SINS OF THE HEART
Roxy cringed back against the wall and wished she
could dissolve into the concrete blocks like water into
sand. She was shaking so hard her shoulder bumped the
wall again and again.
He glanced at her, his expression ruthlessly neutral.
Terrifyingly so.
She’d called him vanilla bean. She’d called a fucking monster vanilla bean.
“Stop,” he said.
Only in that second did she realize that every time
she exhaled, she made a high-pitched whining sound.
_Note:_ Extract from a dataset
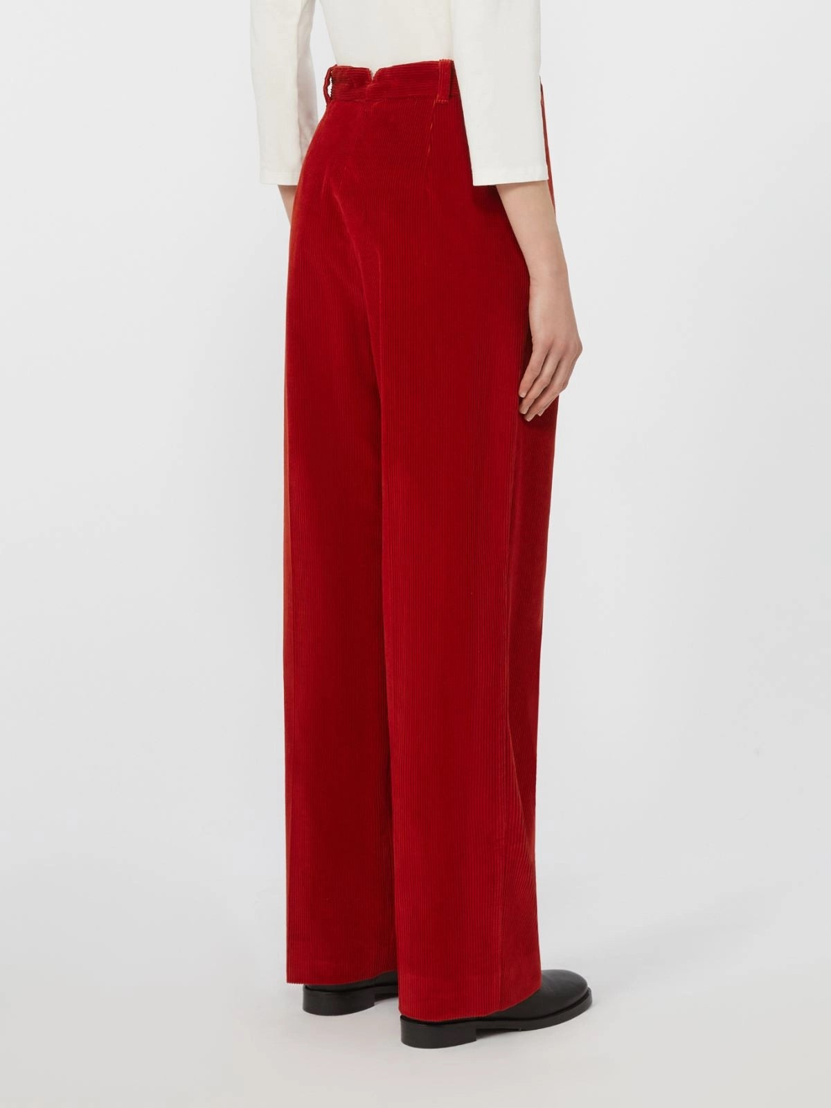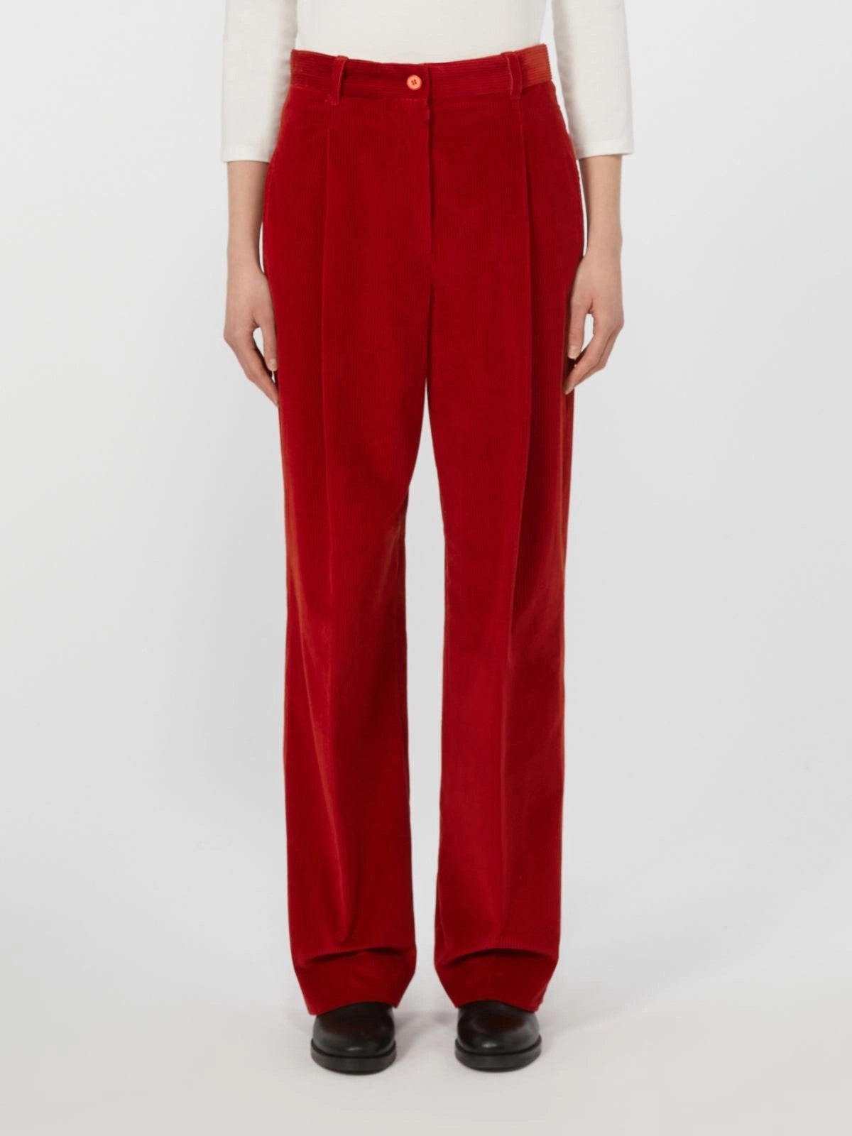 Designed as part of the Fine Settimana capsule by Giuliva Heritage for Weekend Max Mara, these trousers capture the collection’s relaxed tailoring and conscious femininity. Cut from pure cotton velvet, they feature a wide-leg silhouette that drapes with ease, offering both elegance and comfort. The design is finished with a structured waistband tab, zip fly and button fastening, plus side slant pockets and classic belt loops. Defined by a sharp front crease, they strike a balance between refined polish and effortless wearability.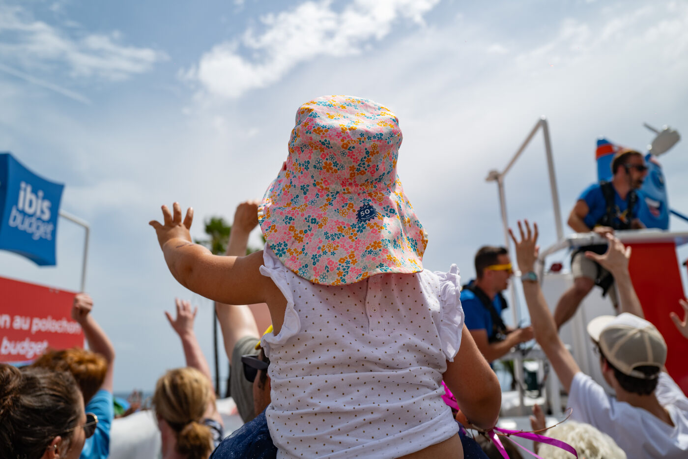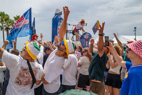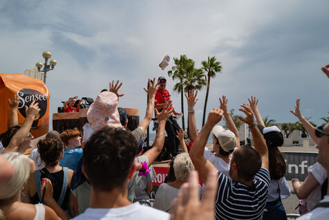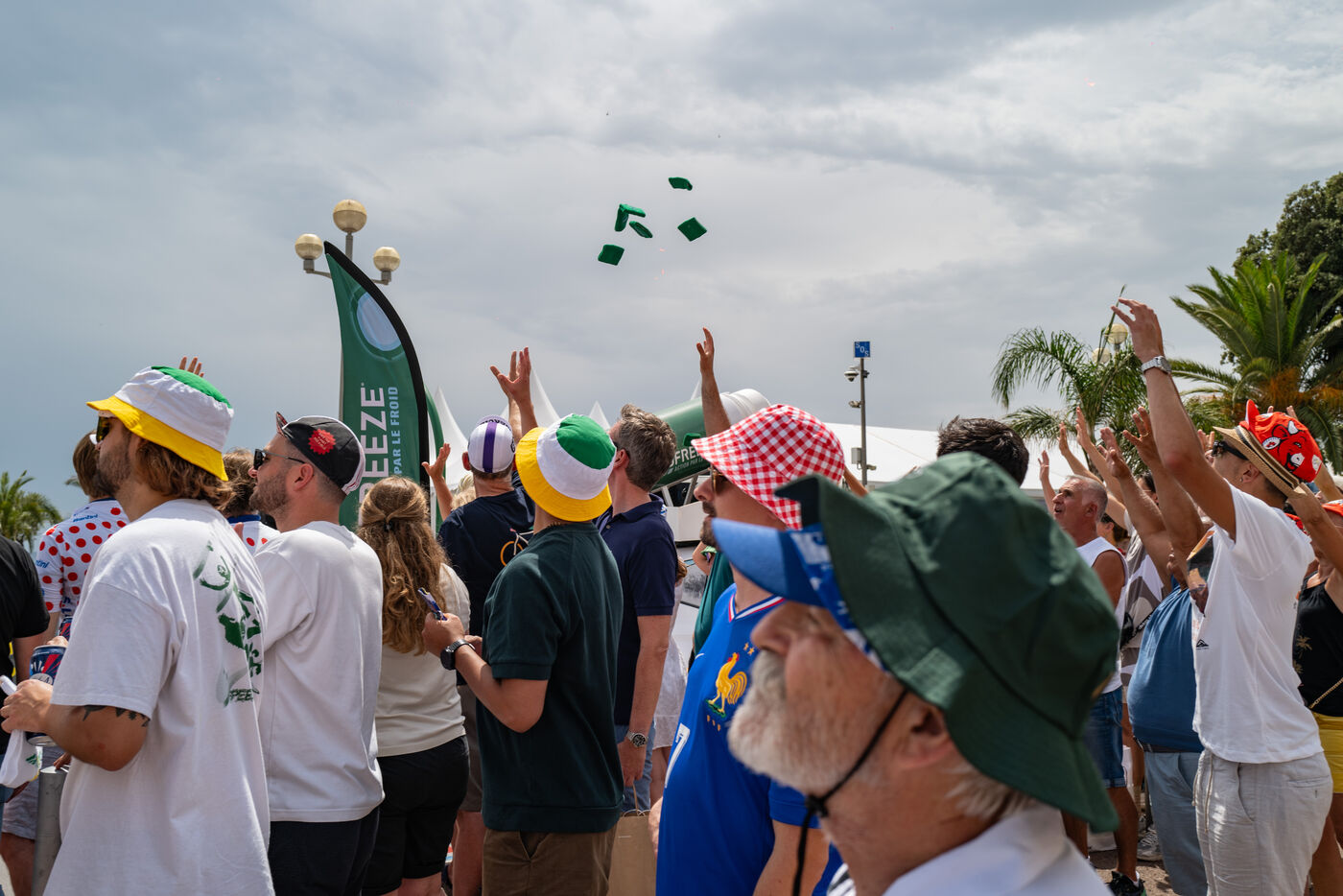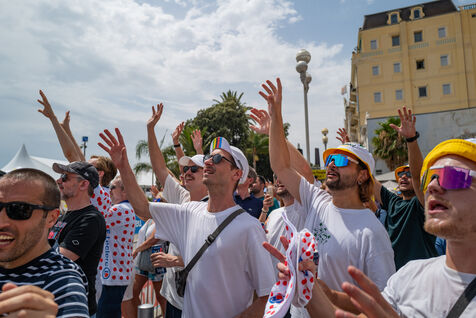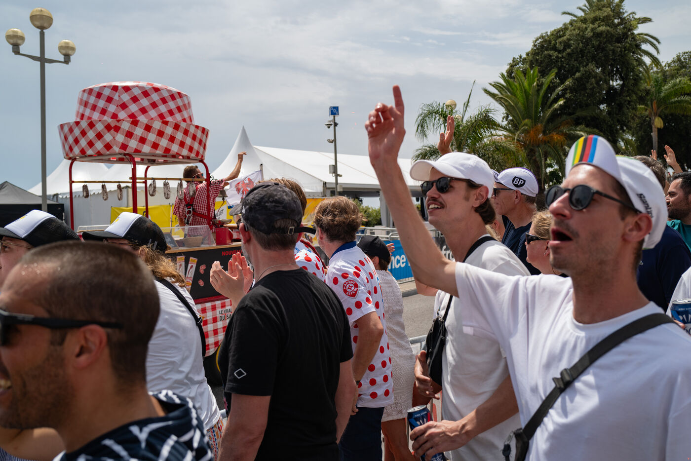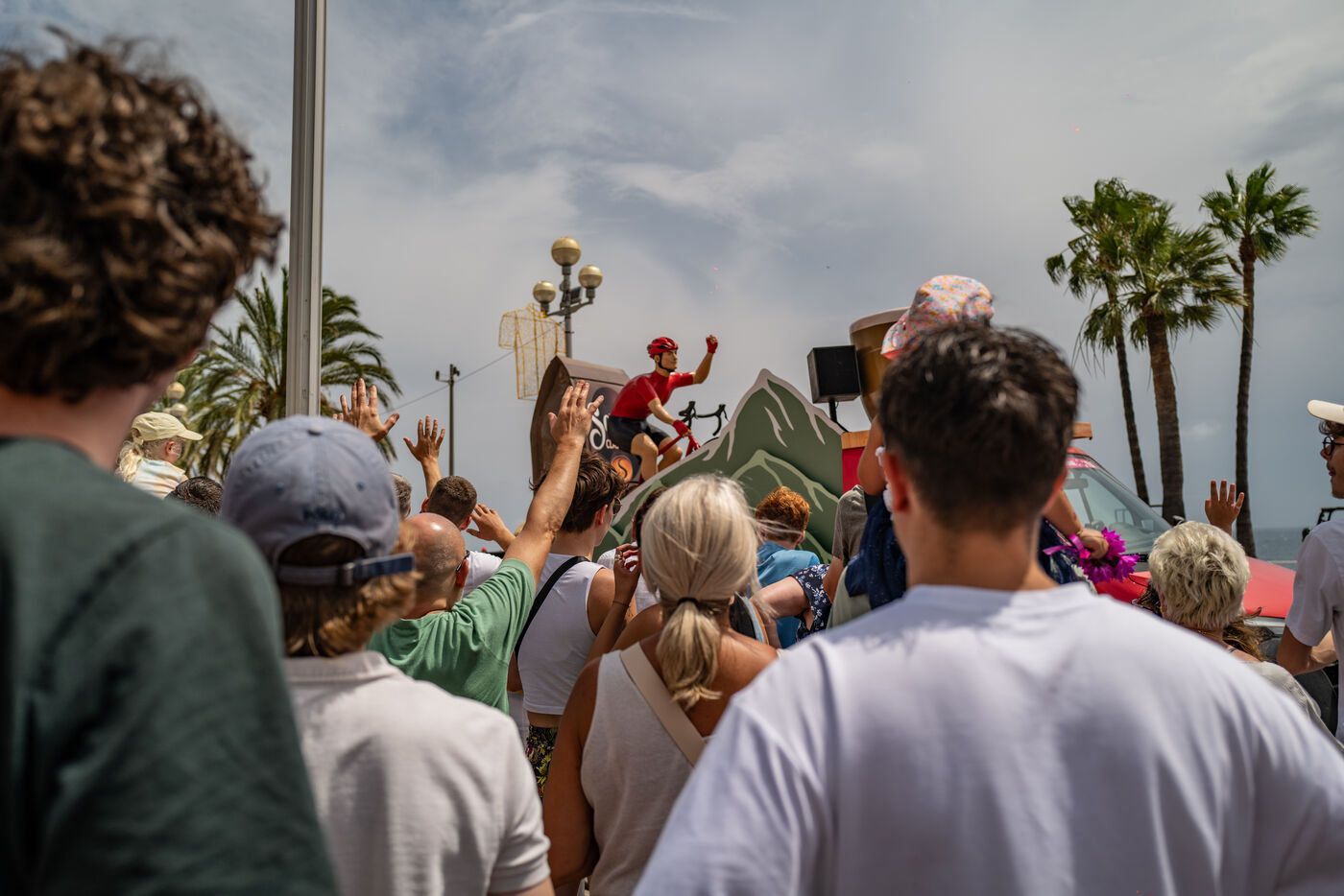 La caravane du tour de France de cyclisme arrice à Nice pour les deux dernière étapes. Toute la ville est en effervescence et des dizaines de milliers de participants attendent le passages des courreurs sur la promenade des anglais.

“Stop. Now.” A hard edge crept into his tone.
And she did. She snapped her mouth shut so quickly
that her teeth clacked together vigorously enough to hurt.
“Thank you.” Soft. Polite.
She whispered, “You’re welcome,” and as the words
left her lips, she recognized how ludicrous they were.
A laugh tore free, against her will, against any sort of
good judgment. Too loud, too wild, it rang with the
sharp peal of hysteria.
Keep it together, sister. Don’t you lose it now.
Ignoring her outburst, he turned back to the bodies,
moved to Jerry’s corpse and shoved his hand into the
lacerated chest. Again, oily smoke coiled up his forearm and coalesced into a second black balloon that
slithered up to join the one he’d pulled from Marcie.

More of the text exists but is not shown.